A specimen is defined as a 300mm long branchlet with leaves, flowers, buds or fruits attached. This is pressed and ID tagged with a number that correlates to its GPS, the date and it was collected, its appearance and the type of environment it grew in. Dean takes the samples to the State Herbarium of South Australia so they are accessible to others for interest and research. Seed collected for the arboretum is taken back and eight seedlings are grown. Four are pressed and herbarium vouchered (archived with notes), while the other four are planted.
The tallest trees at the arboretum now stand 10–15 metres in height. Sourced from differing environments and planted as a garden of specimens spaced roughly five metres from one another, these trees are not going to grow in the same way as their wild cousins in any case. Records of annual growth and height are kept for each tree.

E. kingsmillii subspecies alatissima.

Above: E. kingsmillii subspecies alatissima

When Dean Nicolle says that eucalypts are sometimes difficult to identify you better believe him. It all depends on an assessment of the tree’s size, habit, colour, crown, bark, leaves, buds (shape, size, cluster), flowers, fruit and seed. Cross-referencing all these features forms an identification key. Wood samples are also identified according to a key or set of features, but different ones. Trees are identified by assessing 12 features in a certain order3. Many species have unique features which can shortcut that process though.
Forests are the largest reservoirs of ecological biodiversity and they are also a commercial resource from which are taken timber, honey, tree seeds, wildflowers, foliage, fungi, animals and minerals. Of the many eucalypt species fewer than 50, according to Dean, are commercially harvested and milled for cabinet timbers.
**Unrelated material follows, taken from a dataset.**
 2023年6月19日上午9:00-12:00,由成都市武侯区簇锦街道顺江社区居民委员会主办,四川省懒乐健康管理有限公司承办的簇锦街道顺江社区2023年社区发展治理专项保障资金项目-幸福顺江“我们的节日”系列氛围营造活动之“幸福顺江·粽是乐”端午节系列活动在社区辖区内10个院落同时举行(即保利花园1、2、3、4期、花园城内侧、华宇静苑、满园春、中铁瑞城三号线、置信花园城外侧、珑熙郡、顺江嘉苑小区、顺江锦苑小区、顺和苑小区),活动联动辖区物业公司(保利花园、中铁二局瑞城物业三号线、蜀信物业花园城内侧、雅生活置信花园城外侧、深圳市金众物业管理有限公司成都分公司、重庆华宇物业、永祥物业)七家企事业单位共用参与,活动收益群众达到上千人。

Smaller sized trunks and remote locations are two of the main factors that rule out the logging of many species.

There are commonly held misconceptions about eucalypts: ‘That they are all great big forest trees like river redgums for one’, said Dean, ‘where many are in fact shrubby species. There is a huge range of habits (forms) and the sheer diversity of their flowers amazes many people when they come to Currency Creek’.
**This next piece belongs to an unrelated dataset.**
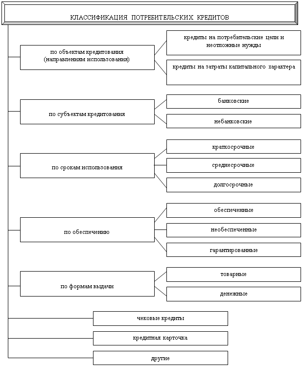 Дипломная работа: Потребительское кредитование и перспективы его развитияДипломная работа: Потребительское кредитование и перспективы его развитияДипломная работа на тему: "Потребительское кредитование и перспективы его развития на примере Ильичевского главного отделения Проминвестбанка г. Мариуполя" Содержание Введение 1. Основы организации потребительского кредитования 1.1 Сущность потребительского кредита 1.2 Классификация потребительских кредитов 1.3 Принципы и методы потребительского кредитования 1.4 Этапы потребительского кредитования 1.5 Кредитная документация 2. Анализ и оценка эффективности потребительского кредитования (на примере Ильичевского главного отделения Проминвестбанка г. Мариуполя) 2.1 Характеристика Ильичевского главного отделения Проминвестбанка г. Мариуполя 2.2 Организация работы банка по предоставлению потребительских кредитов 2.3 Анализ кредитоспособности заемщика и обеспечение потребительских кредитов 2.4 Оценка кредитной деятельности банка 3. Проблемы и перспективы развития потребительского кредитования в Украине 3.1 Оценка современного состояния потребительского кредитования в Украине 3.2 Основные направления развития потребительского кредитования в Украине 4 Безопасность жизнедеятельности Требования к производственным помещениям. Выводы Перечень ссылок Введение В последнее время потребительское кредитование приобретает все большей актуальности. Связано это с тем, что все звенья общества стремятся эффективно функционировать, а без развития всех направлений банковской инфраструктуры, в первую очередь потребительского кредитования, не возможное нормальное развитие общества, а именно всех его категорий (верст населения). Сегодня в Украине большинство населения не могут себе позволить покупать товары длительного пользования за счет текущих доходов. Почти половина работоспособного населения имеет доходы, которые не превышают прожиточного минимума. Для этих категорий людей, а также пенсионеров, инвалидов и других малообеспеченных граждан приобретения товаров длительного пользования становится невозможным. Изучение системы кредитования физических лиц является необходимым, прежде всего, относительно задач, которые стоят перед коммерческими банками. Активная работа коммерческих банков в отрасли обслуживания частных лиц является необходимым условием укрепления ресурсной базы, расширение рынков их успешной конкурентной борьбы с небанковскими финансово-кредитными заведениями. При этом речь должна идти не только о совершенствовании техники кредитования и расширения видов кредитных услуг, но и о выработке целого комплекса новых принципов отношений банков с физическими лицами. Целью данной выпускной работы является изучение потребительского кредитования и перспективы его развития. В рамках этой цели были поставлены следующие задачи: изучить основы организации потребительского кредитования; проанализировать и оценить эффективность потребительского кредитования на конкретном примере; рассмотреть проблемы и перспективы развития потребительского кредитования в Украине. Работа состоит из четырех разделов. В первом разделе рассматриваются теоретические основы потребительского кредитования населения, подробно рассматриваются виды и этапы, принципы и методы про

The arboretum is a scientific resource of immense value that has been established and maintained by Dean and his family. Development and maintenance is time-consuming, especially when one considers there is no external funding of any kind. ‘One day it would be good to see it institutionalised’, said Dean, ‘if only to see it preserved for others to benefit from’.

Photos: Dean Nicolle

For an update on current information see Currency Creek Arboretum

Groups can arrange to visit Currency Creek Arboretum, but they need to contact Dean Nicolle well in advance. More information about Dean Nicolle and the Currency Creek Arboretum is at www.dn.com.au Email Dean at dn@dn.com.au
1. Australia’s State of the Forests Report 2003
2. All but 12 species of Eucalypt are endemic to Australia. The 12 grow in the Papua New Guinea, the Philippines and Timor. Some species of eucalypts (Tas blue gums (E.globulus), river redgum (E.camaldulensis) and flooded gum (E.grandis) are now plantation grown overseas, notably in Brazil, China, India and Africa, see Eucalypts Abroad, AWR#27:76. More on the most commercially available eucalypts in AWR#39:31
3. Ian Brooker, one of Australia’s leading authorities on eucalypts and David Kleinig (CSIRO Canberra) co-authored Eucalyptus: An Illustrated Guide to Identification, a book which describes 12 features that determine identity. Reed Books, 1996.